Ministral 3 3B Instruct 2512 BF16

The smallest model in the Ministral 3 family, Ministral 3 3B is a powerful, efficient tiny language model with vision capabilities.

This model is the instruct post-trained version, fine-tuned for instruction tasks, making it ideal for chat and instruction based use cases.

The Ministral 3 family is designed for edge deployment, capable of running on a wide range of hardware.
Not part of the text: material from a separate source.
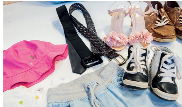
Esimerkkejä hyvistä kierrätykseen kelpaavista tekstiileistä. Talentti-myymäliöihin otetaan vastaan hyväkuntoisia ja puhtaita aikuisten ja lasten vaatteita, kodintekstiilejä, kenkiä, vöitä ja kodin tavaroita.

- Kunpa ihmiset oppisivat tuomaan kierrätykseen vain sellaista, mitä voisivat vielä itsekin käyttää, sanoo hän lopuksi.

Ministral 3 3B can even be deployed locally, capable of fitting in 16GB of VRAM in BF16, and less than 8GB of RAM/VRAM when quantized.

We provide a no-loss FP8 version here, you can find other formats and quantizations in the Ministral 3 - Additional Checkpoints collection.

Learn more in our blog post and paper.

Key Features

Ministral 3 3B consists of two main architectural components:

3.4B Language Model
0.4B Vision Encoder

The Ministral 3 3B Instruct model offers the following capabilities:

Vision: Enables the model to analyze images and provide insights based on visual content, in addition to text.
Multilingual: Supports dozens of languages, including English, French, Spanish, German, Italian, Portuguese, Dutch, Chinese, Japanese, Korean, Arabic.
System Prompt: Maintains strong adherence and support for system prompts.
Agentic: Offers best-in-class agentic capabilities with native function calling and JSON outputting.
Edge-Optimized: Delivers best-in-class performance at a small scale, deployable anywhere.
Apache 2.0 License: Open-source license allowing usage and modification for both commercial and non-commercial purposes.
Large Context Window: Supports a 256k context window.

Use Cases

Ideal for lightweight, real-time applications on edge or low-resource devices, such as:

Image captioning
Text classification
Real-time efficient translation
Data extraction
Short content generation
Fine-tuning and specialization
And more...

Bringing advanced AI capabilities to edge and distributed environments for embedded systems.

Ministral 3 Family

Model Name	Type	Precision	Link
Ministral 3 3B Base 2512	Base pre-trained	BF16	Hugging Face
Ministral 3 3B Instruct 2512	Instruct post-trained	BF16	Hugging Face
Ministral 3 3B Reasoning 2512	Reasoning capable	BF16	Hugging Face
Ministral 3 8B Base 2512	Base pre-trained	BF16	Hugging Face
Ministral 3 8B Instruct 2512	Instruct post-trained	BF16	Hugging Face
Ministral 3 8B Reasoning 2512	Reasoning capable	BF16	Hugging Face
Ministral 3 14B Base 2512	Base pre-trained	BF16	Hugging Face
Ministral 3 14B Instruct 2512	Instruct post-trained	BF16	Hugging Face
Ministral 3 14B Reasoning 2512	Reasoning capable	BF16	Hugging Face

Other formats available here.

Benchmark Results

We compare Ministral 3 to similar sized models.

Reasoning

Model	AIME25	AIME24	GPQA Diamond	LiveCodeBench
Ministral 3 14B	0.850	0.898	0.712	0.646
Qwen3-14B (Thinking)	0.737	0.837	0.663	0.593

Ministral 3 8B	0.787	0.860	0.668	0.616
Qwen3-VL-8B-Thinking	0.798	0.860	0.671	0.580

Ministral 3 3B	0.721	0.775	0.534	0.548
Qwen3-VL-4B-Thinking	0.697	0.729	0.601	0.513

Instruct

Model	Arena Hard	WildBench	MATH Maj@1	MM MTBench
Ministral 3 14B	0.551	68.5	0.904	8.49
Qwen3 14B (Non-Thinking)	0.427	65.1	0.870	NOT MULTIMODAL
Gemma3-12B-Instruct	0.436	63.2	0.854	6.70

Ministral 3 8B	0.509	66.8	0.876	8.08
Qwen3-VL-8B-Instruct	0.528	66.3	0.946	8.00

Ministral 3 3B	0.305	56.8	0.830	7.83
Qwen3-VL-4B-Instruct	0.438	56.8	0.900	8.01
Qwen3-VL-2B-Instruct	0.163	42.2	0.786	6.36
Gemma3-4B-Instruct	0.318	49.1	0.759	5.23

Base

Model	Multilingual MMLU	MATH CoT 2-Shot	AGIEval 5-shot	MMLU Redux 5-shot	MMLU 5-shot	TriviaQA 5-shot
Ministral 3 14B	0.742	0.676	0.648	0.820	0.794	0.749
Qwen3 14B Base	0.754	0.620	0.661	0.837	0.804	0.703
Gemma 3 12B Base	0.690	0.487	0.587	0.766	0.745	0.788

Ministral 3 8B	0.706	0.626	0.591	0.793	0.761	0.681
Qwen 3 8B Base	0.700	0.576	0.596	0.794	0.760	0.639

Ministral 3 3B	0.652	0.601	0.511	0.735	0.707	0.592
Qwen 3 4B Base	0.677	0.405	0.570	0.759	0.713	0.530
Gemma 3 4B Base	0.516	0.294	0.430	0.626	0.589	0.640

License

This model is licensed under the Apache 2.0 License.

You must not use this model in a manner that infringes, misappropriates, or otherwise violates any third party’s rights, including intellectual property rights.